## TASK DETAILS
In the records below, find the line containing "Thượng tọa cũng" and print it and every line after it exactly, through the end. Skip pictures.

··· DATA TO PROCESS

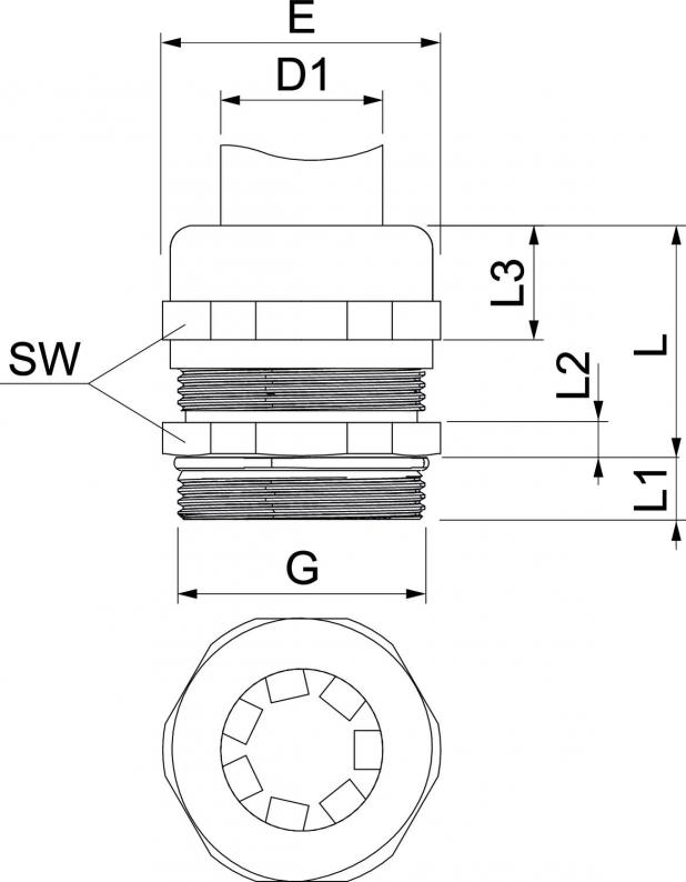 Robuste EMV Kabelverschraubung mit metrischem Anschlussgewinde nach IEC 423 in Hutmutterbauart für hohe Dichtigkeitsansprüche. Die Kontaktierung zwischen Verschraubung und Schirmgeflecht erfolgt über eine Kontaktfeder. Zugentlastung, Verdrehschutz und Dichtigkeit über den gesamten Spannbereich. Dichtring aus Neopren. Klemmeinsatz aus Polyamid. Mit vormontiertem O-Dichtring am Anschlussgewinde, Schutzart IP68 bei 5 bar/1 h.
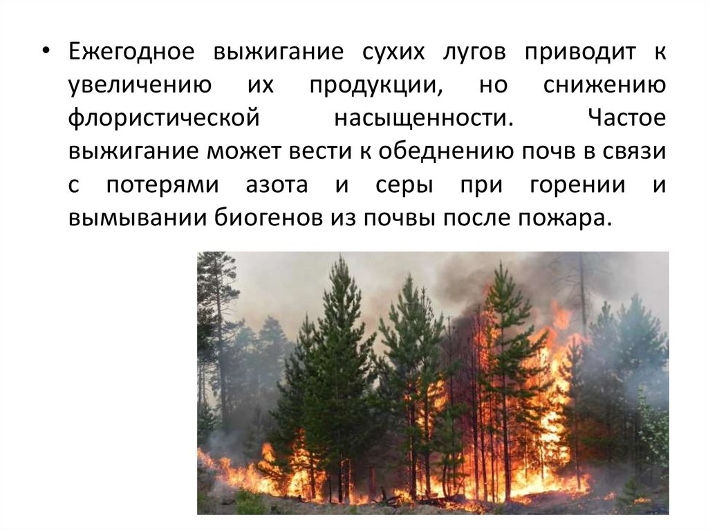 • Ежегодное выжигание сухих лугов приводит кувеличению их продукции, но снижению
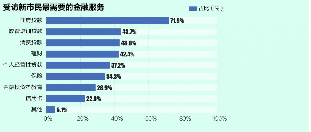 新市民的金融服务需求方面,《报告》指出,住房贷款、教育培训贷款和消费贷款是新市民最需要的三类金融服务,且不同年龄、学历、收入和职业的受访人群几乎一致认为新市民最需要住房贷款。具体数据来看,71.9%的受访者认为,住房贷款是新市民最需要的金融服务;43.7%的人表示新市民最需要教育培训贷款,43.0%的人表示新市民最需要消费贷款。
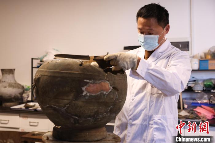 “青銅器和簡牘不一樣,它需要相對干燥的環(huán)境來保存,由于墓室坍塌,很多出土的青銅器因受擠壓破碎、變形,還有很多銹跡和污物已經(jīng)掩蓋了該件器物的原本樣貌。”趙明輝表示,修補青銅器需要將一塊塊碎片進行分類、比對、拼接等,如有變形還需先整形,隨后將其焊接,是一件不折不扣的“精細活”。
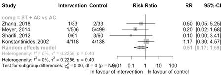 ST + AC vs AC The evidence is very uncertain about the effect of ST + AC on recurrence of pulmonary embolism when compared with AC in patients with acute intermediate-high risk PE.
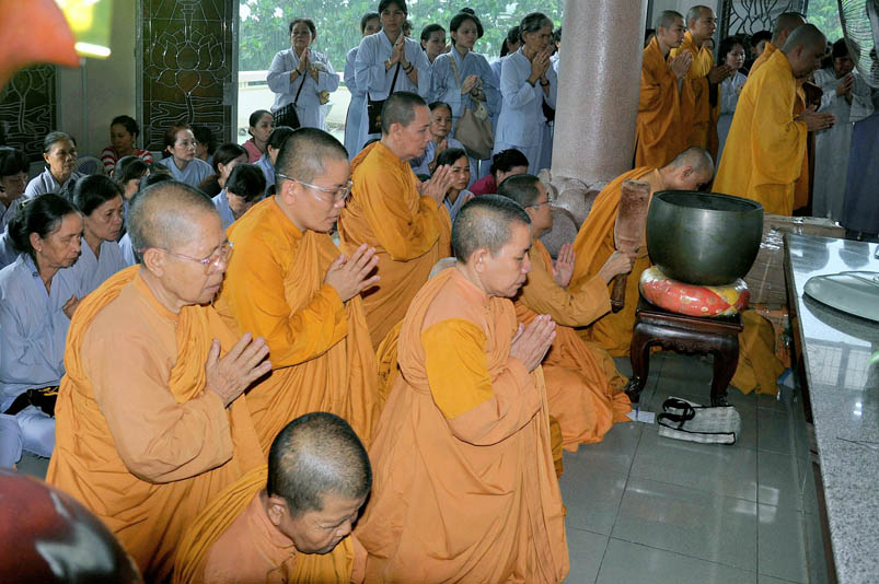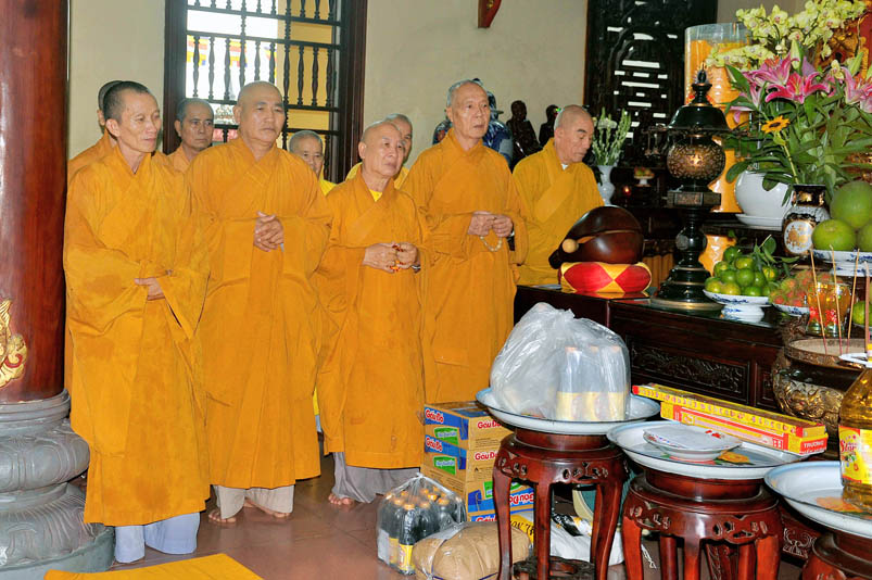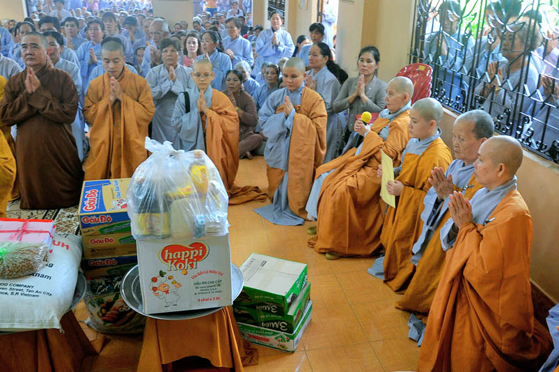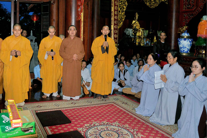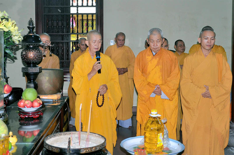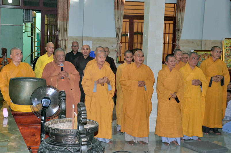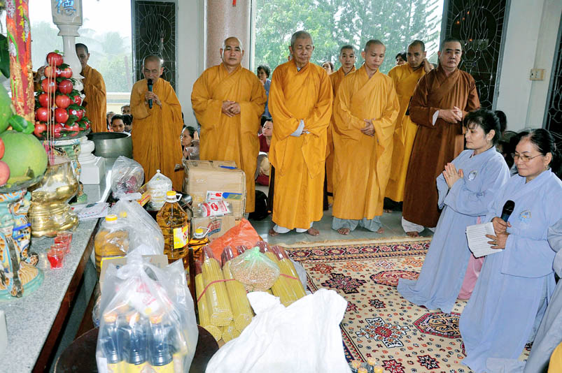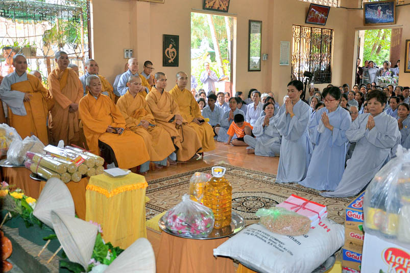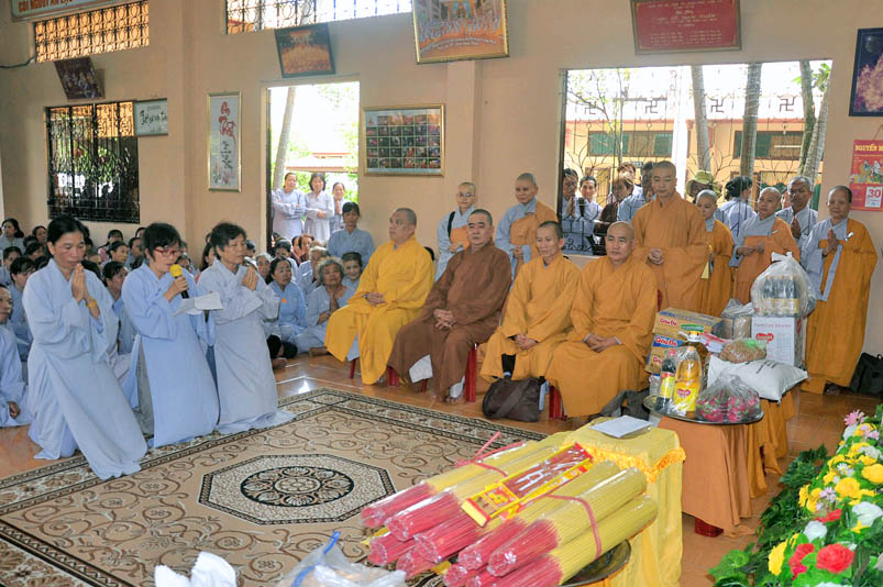 Thượng tọa cũng thay mặt đoàn tác bạch cúng dường tịnh tài, phẩm vật trợ duyên cho chư Tăng Ni.
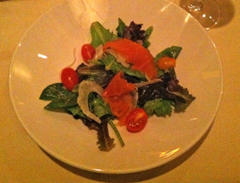 sat – Final Four – Salmon Tartare over cauliflower salad from LO grilled King Salmon — Jacques
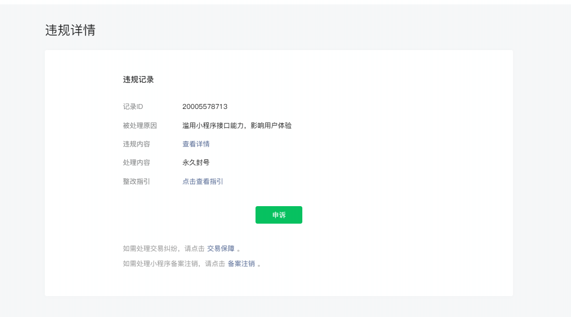 小程序违规了,想注销,但是点击注销之后页面是空白的。
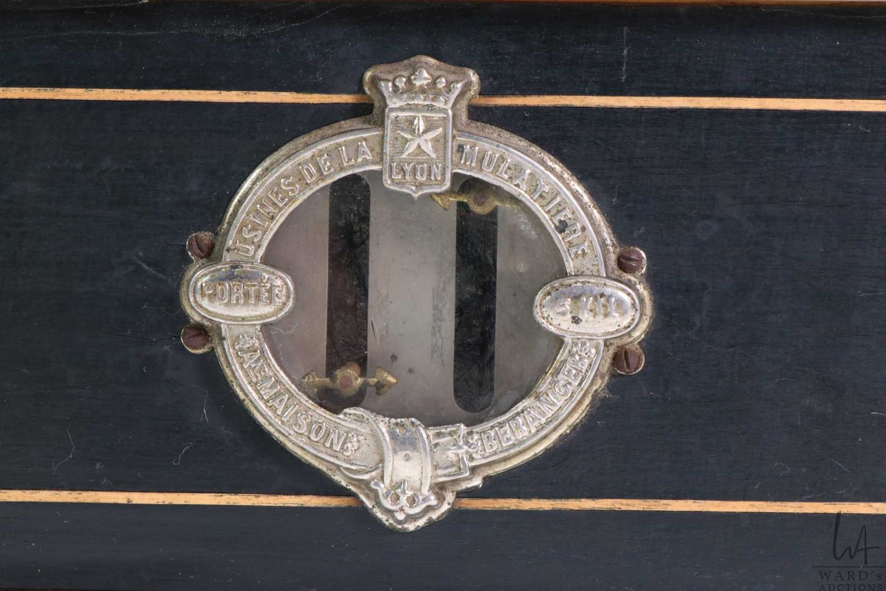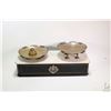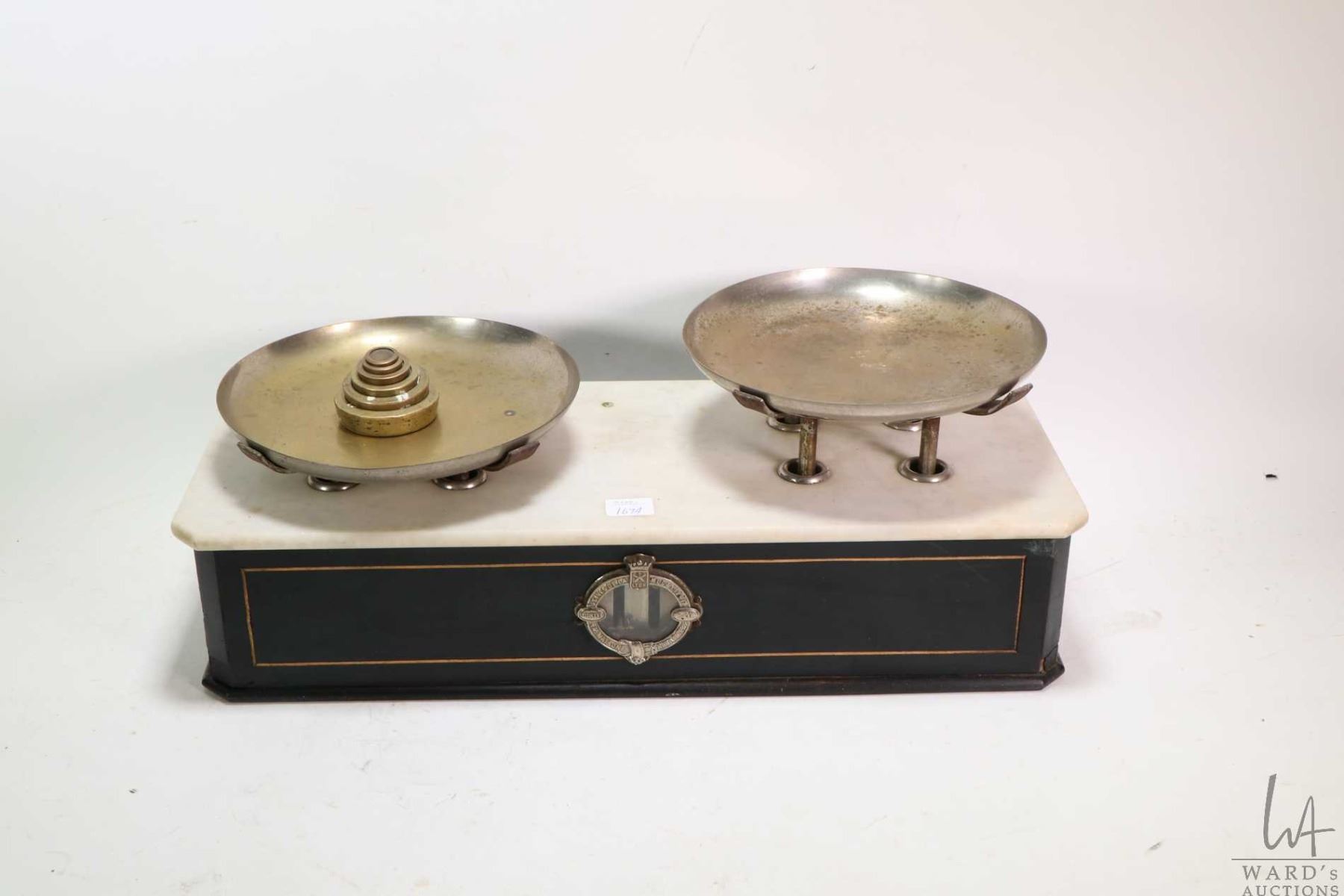 Balance scale contained in wooden box with marble top with double balance indicators in sight glass, includes some weights 19" wide

······

## SOLVED EXERCISE
 Thượng tọa cũng thay mặt đoàn tác bạch cúng dường tịnh tài, phẩm vật trợ duyên cho chư Tăng Ni.
 sat – Final Four – Salmon Tartare over cauliflower salad from LO grilled King Salmon — Jacques
 小程序违规了,想注销,但是点击注销之后页面是空白的。
 Balance scale contained in wooden box with marble top with double balance indicators in sight glass, includes some weights 19" wide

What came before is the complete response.